[Stored data]:
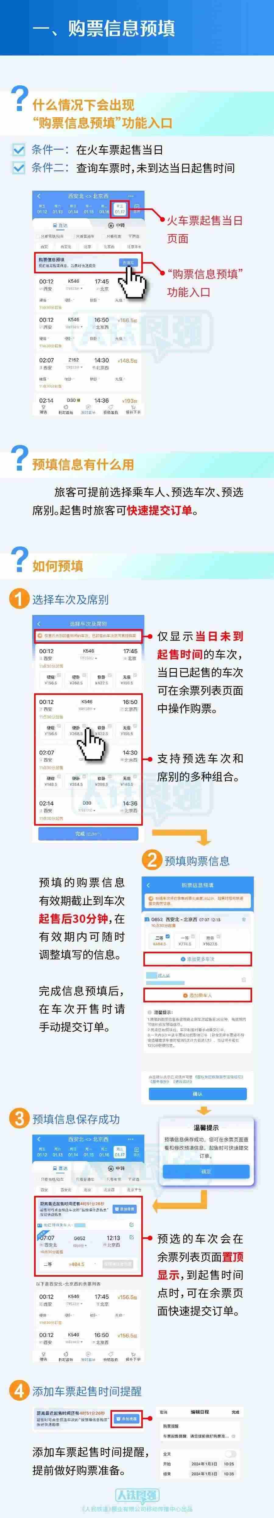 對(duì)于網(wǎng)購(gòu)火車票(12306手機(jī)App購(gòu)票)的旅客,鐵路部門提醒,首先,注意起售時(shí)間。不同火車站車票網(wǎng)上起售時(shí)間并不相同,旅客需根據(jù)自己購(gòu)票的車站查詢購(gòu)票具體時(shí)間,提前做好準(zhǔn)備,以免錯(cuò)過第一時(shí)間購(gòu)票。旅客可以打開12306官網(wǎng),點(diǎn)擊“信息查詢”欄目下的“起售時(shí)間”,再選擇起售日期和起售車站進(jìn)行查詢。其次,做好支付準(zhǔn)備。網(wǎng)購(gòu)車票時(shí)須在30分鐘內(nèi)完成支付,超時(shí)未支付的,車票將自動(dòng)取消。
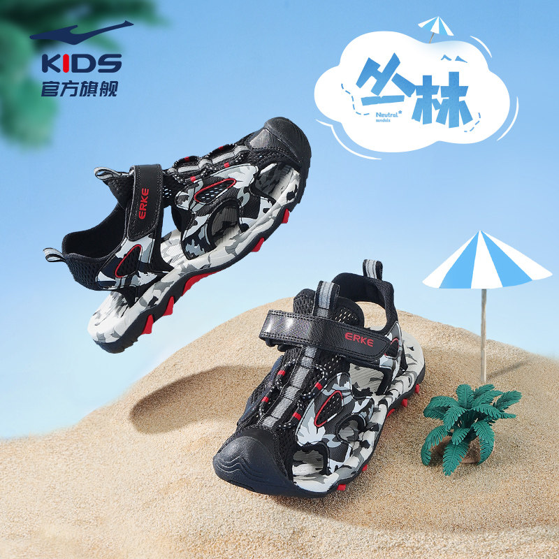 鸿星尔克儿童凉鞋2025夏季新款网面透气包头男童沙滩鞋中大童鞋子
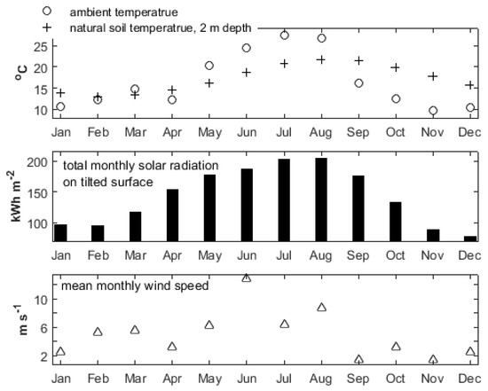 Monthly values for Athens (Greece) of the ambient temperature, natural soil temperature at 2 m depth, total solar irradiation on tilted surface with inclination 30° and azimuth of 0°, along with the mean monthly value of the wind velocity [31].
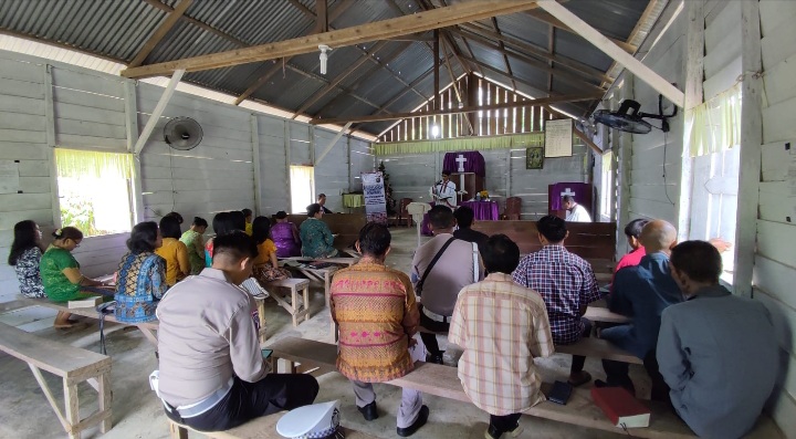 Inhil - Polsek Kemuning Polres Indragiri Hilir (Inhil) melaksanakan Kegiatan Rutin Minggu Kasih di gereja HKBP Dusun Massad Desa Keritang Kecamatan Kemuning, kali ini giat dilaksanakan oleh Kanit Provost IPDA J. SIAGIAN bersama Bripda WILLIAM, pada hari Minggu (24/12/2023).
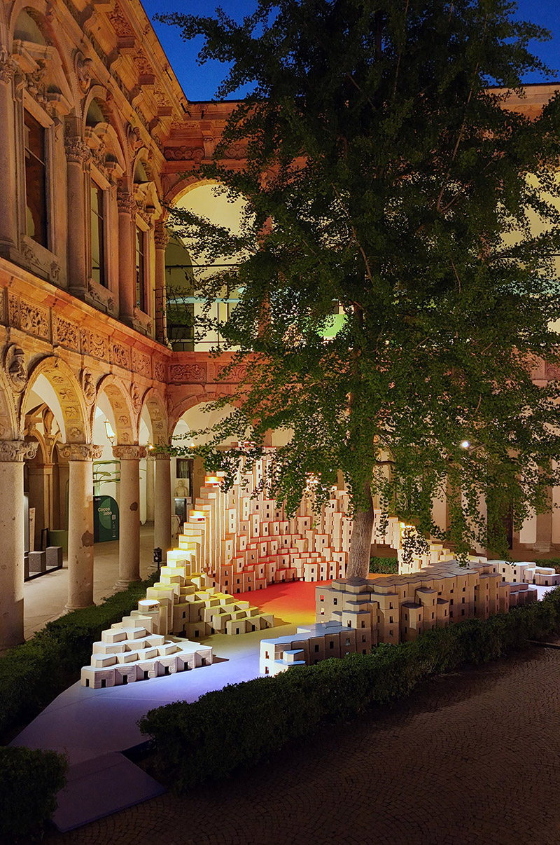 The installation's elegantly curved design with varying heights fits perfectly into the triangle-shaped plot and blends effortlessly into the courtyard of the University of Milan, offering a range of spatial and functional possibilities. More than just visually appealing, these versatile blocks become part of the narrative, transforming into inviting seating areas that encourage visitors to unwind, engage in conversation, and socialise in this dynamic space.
---
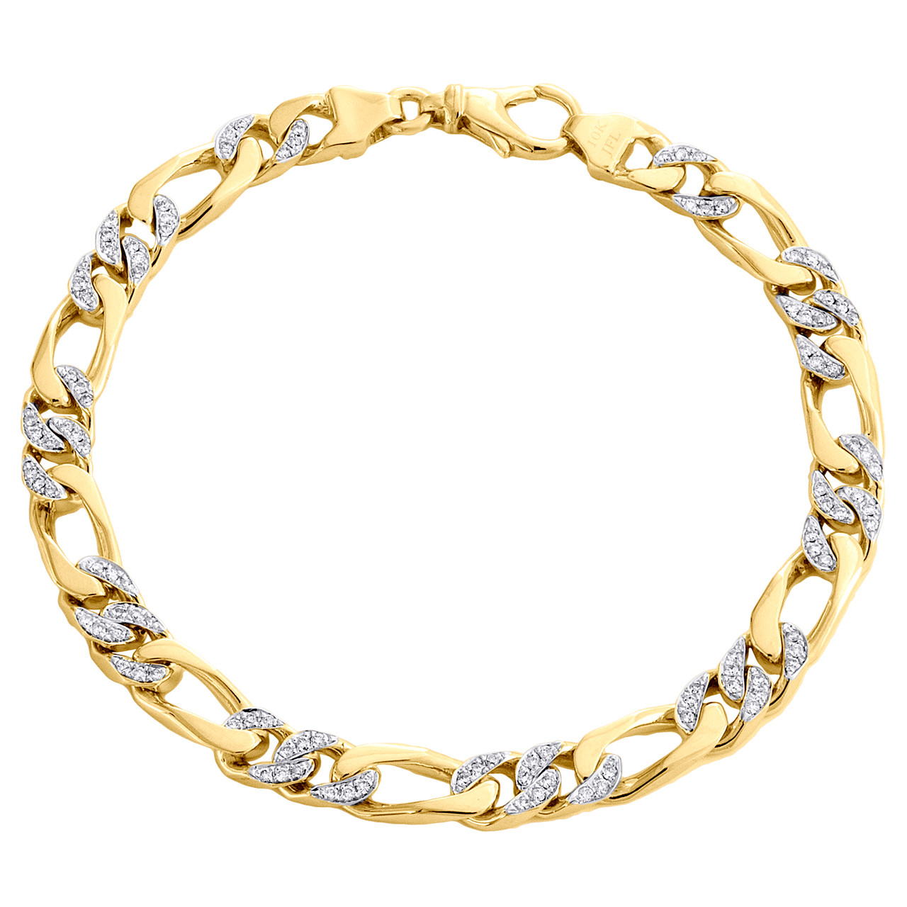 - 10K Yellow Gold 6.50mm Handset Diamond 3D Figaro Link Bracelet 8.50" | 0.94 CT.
==
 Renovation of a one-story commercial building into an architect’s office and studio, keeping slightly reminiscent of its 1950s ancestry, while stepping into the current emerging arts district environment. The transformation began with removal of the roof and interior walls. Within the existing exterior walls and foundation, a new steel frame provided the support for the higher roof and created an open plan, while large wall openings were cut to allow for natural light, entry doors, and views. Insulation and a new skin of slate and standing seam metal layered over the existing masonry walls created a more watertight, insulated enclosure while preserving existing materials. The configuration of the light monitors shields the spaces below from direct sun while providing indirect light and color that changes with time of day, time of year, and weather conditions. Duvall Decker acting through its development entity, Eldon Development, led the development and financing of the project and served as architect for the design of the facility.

[Aim of the task]: From the line containing "鸿星尔克儿童凉鞋2025夏季新款网面透气包头男童沙滩鞋中大童鞋子" through the line containing "Inhil - Polsek", copy every line above exactly, without pictures.

[Answer]:
 鸿星尔克儿童凉鞋2025夏季新款网面透气包头男童沙滩鞋中大童鞋子
 Monthly values for Athens (Greece) of the ambient temperature, natural soil temperature at 2 m depth, total solar irradiation on tilted surface with inclination 30° and azimuth of 0°, along with the mean monthly value of the wind velocity [31].
 Inhil - Polsek Kemuning Polres Indragiri Hilir (Inhil) melaksanakan Kegiatan Rutin Minggu Kasih di gereja HKBP Dusun Massad Desa Keritang Kecamatan Kemuning, kali ini giat dilaksanakan oleh Kanit Provost IPDA J. SIAGIAN bersama Bripda WILLIAM, pada hari Minggu (24/12/2023).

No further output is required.